К Николаю Ивановичу пришёл в редакцию. Поговорив о постороннем, как бы мимоходом сказал, что кладут в больницу. Увидев мгновенный испуг друга, стал мять серую заячью шапку. Длинными пальцами… Как заминал её от Николая Ивановича, старался сделать меньше, убрать, спрятать… Николай Иванович, не сводя глаз с этих вздрагивающих длинных пальцев, медленно поднимался из-за стола.

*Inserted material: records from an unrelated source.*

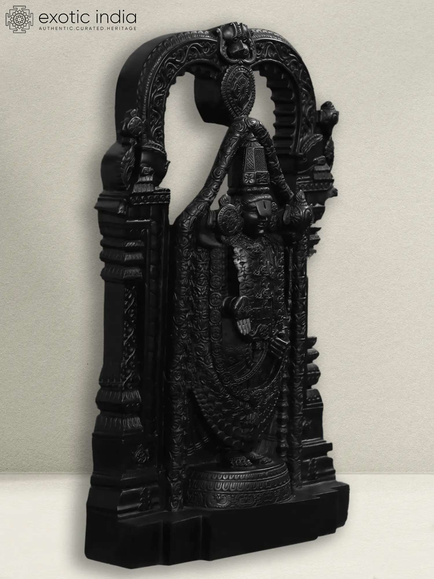 18" Lord Tirupati Balaji Statue With Intricate Work | Black Marble Sculpture for Home and Temple
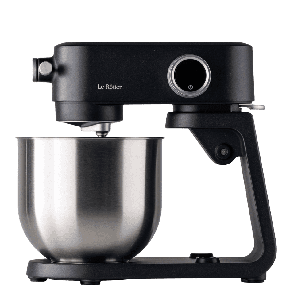 Le Rôtier har en kraftig DC-motor på 800 watt som tilsvarer rundt 1600 watt hos tradisjonelle AC-motorer. Dette gjør den i stand til å takle alle utfordringer på kjøkkenet, inkludert elting av større deigporsjoner på 2,5 kg. Når det kommer til utstyr får du med en massiv 7 liters blandebolle, en eltekrok, en ballongvisp og en flatvisp – alt i rustfritt stål som trygt kan vaskes i oppvaskmaskin.
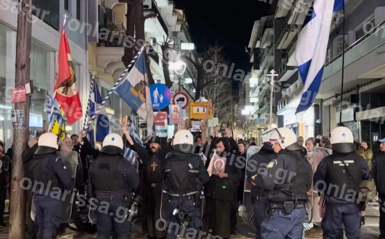 Ρασοφόροι και ένθερμοι χριστιανοί διαδήλωσαν κατά της παράστασης stand up comedy του Χριστόφορου Ζαραλίκου στη Λάρισα
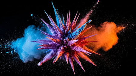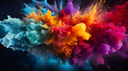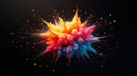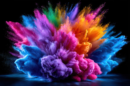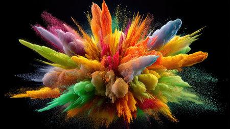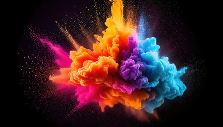 Vibrant explosion of multicolored powder against a black background, creating a dramatic burst of energy

Руки друга, пальцы эти, стали вдруг неузнаваемы им – исхудалые, белые, с плоскими засинелыми ногтями… Николай Иванович сглотнул, глаза его с болью взметнулись к лицу Алексея Ивановича. «Как же, Лёша?… Что с тобой?…»
Вместо ответа Шишокин начал рыться во внутреннем кармане пальто. Высоко задирал локоть – никак не мог достать что-то. С досадой расстегнулся, отмахнул полу пальто. Протянул, наконец, листок.
– Что это?…
– Доверенность… на мою зарплату… Получи, пожалуйста… И жировку пусть Витька возьмёт. На комоде она… За февраль квартплата – пусть внесёт. Он знает, куда… Ключ у соседей… И ещё: отдай Калошину тридцатку. Брал я у него… взаймы… Из «планового» он…
– Да какой Калошин, какая жировка!.. Что с тобой?!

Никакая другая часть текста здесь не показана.